# AVAILABLE DATA
------------------------------------

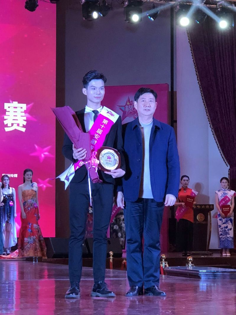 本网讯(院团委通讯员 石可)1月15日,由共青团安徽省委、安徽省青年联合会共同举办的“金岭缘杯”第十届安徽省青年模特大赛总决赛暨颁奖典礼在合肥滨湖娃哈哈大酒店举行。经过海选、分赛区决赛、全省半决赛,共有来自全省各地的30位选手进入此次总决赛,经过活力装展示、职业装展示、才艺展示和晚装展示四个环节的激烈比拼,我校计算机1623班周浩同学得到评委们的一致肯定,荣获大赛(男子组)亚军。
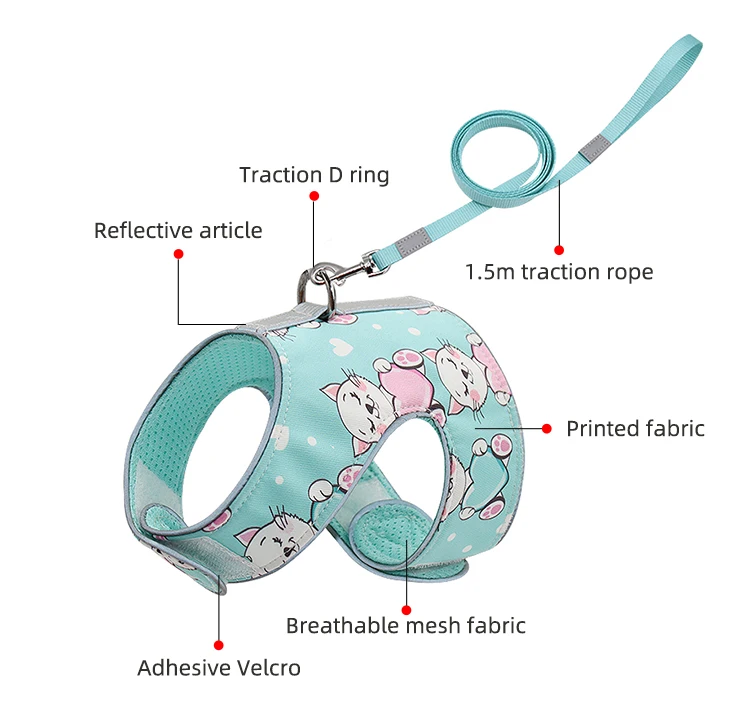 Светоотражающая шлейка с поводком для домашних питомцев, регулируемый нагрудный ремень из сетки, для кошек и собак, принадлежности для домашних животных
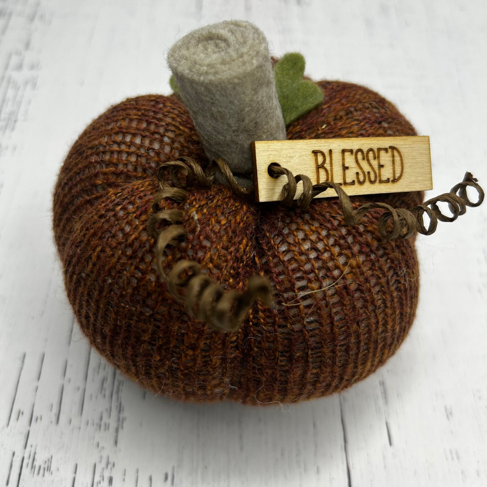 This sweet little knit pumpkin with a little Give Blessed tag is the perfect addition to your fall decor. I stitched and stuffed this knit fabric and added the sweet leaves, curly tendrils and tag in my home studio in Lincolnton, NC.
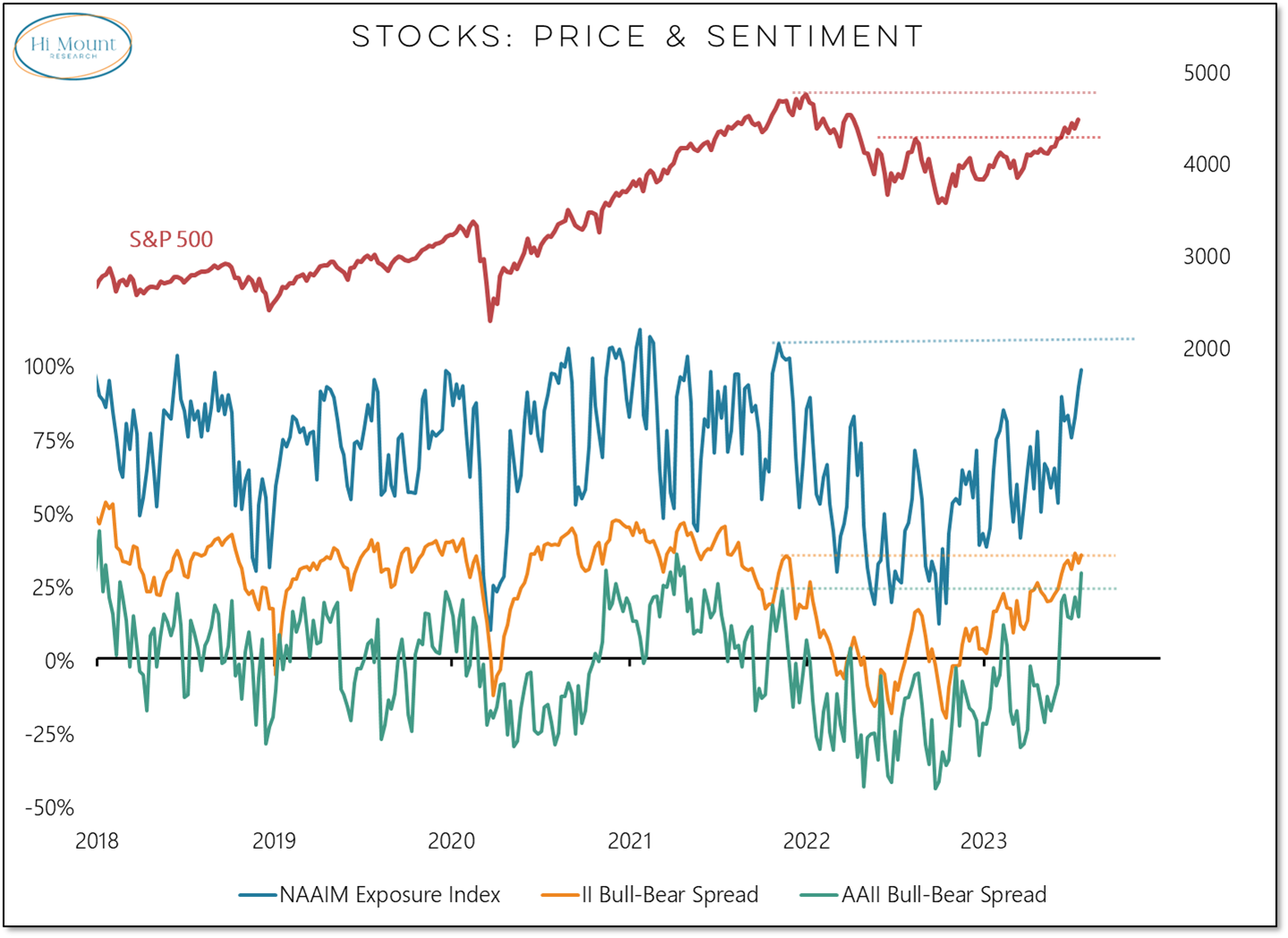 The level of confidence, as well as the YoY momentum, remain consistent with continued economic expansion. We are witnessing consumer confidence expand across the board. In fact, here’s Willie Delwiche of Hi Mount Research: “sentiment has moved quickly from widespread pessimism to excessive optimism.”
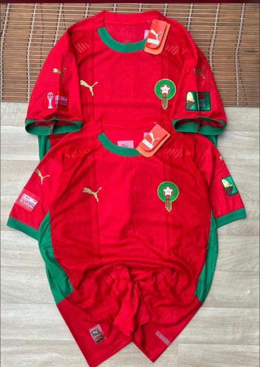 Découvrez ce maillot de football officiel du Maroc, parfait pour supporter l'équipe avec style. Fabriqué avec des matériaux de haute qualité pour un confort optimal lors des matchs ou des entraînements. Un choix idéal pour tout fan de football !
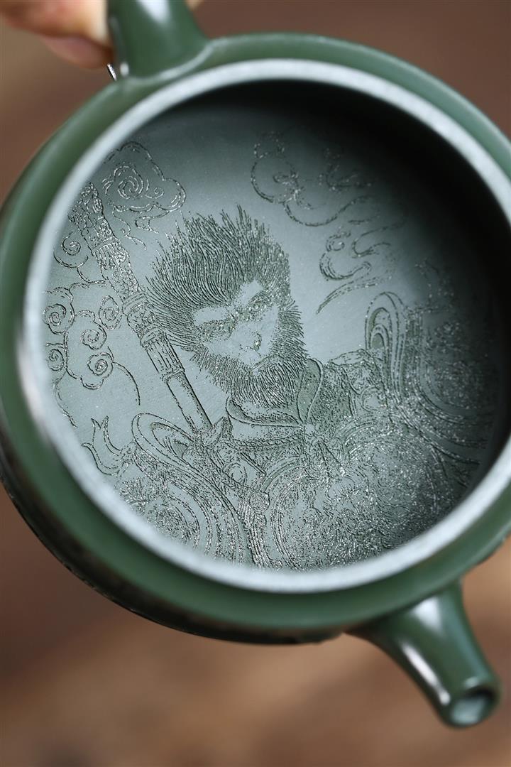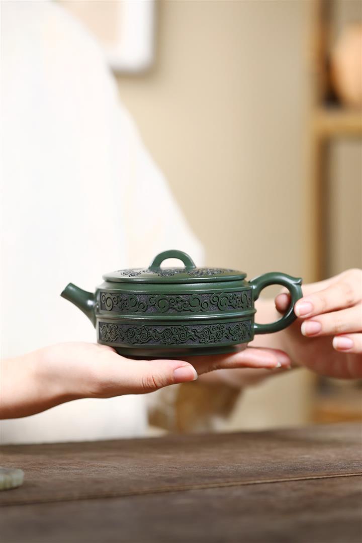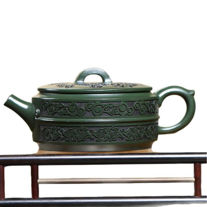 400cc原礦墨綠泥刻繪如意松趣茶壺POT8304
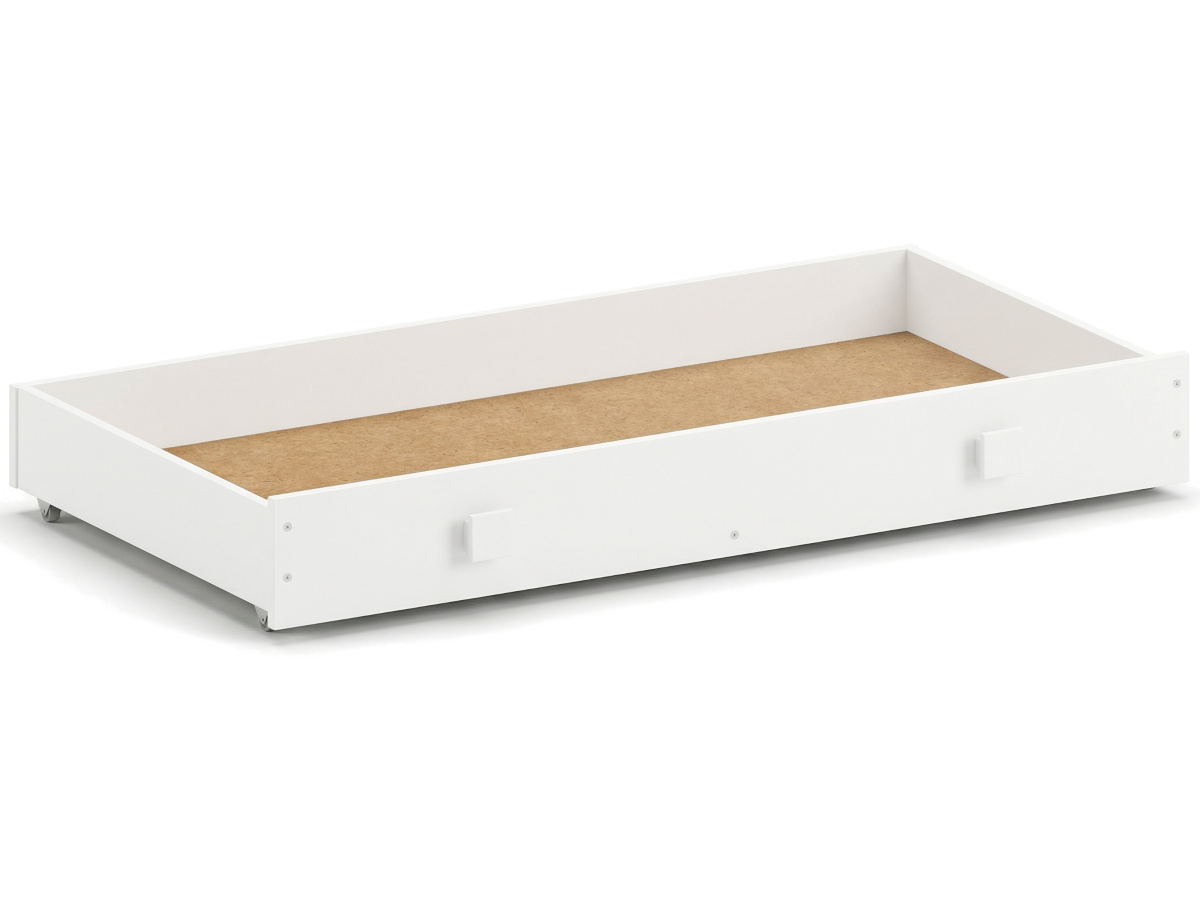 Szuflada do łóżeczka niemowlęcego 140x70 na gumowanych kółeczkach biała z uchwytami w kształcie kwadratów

------------------------------------

# YOUR INSTRUCTIONS
Everything from the line with "400cc原礦墨綠泥刻繪如意松趣茶壺POT8304" through the last line of the listing should be retyped exactly, with both end lines kept and the pictures left out.

# ANSWER TO THIS EXERCISE
 400cc原礦墨綠泥刻繪如意松趣茶壺POT8304
 Szuflada do łóżeczka niemowlęcego 140x70 na gumowanych kółeczkach biała z uchwytami w kształcie kwadratów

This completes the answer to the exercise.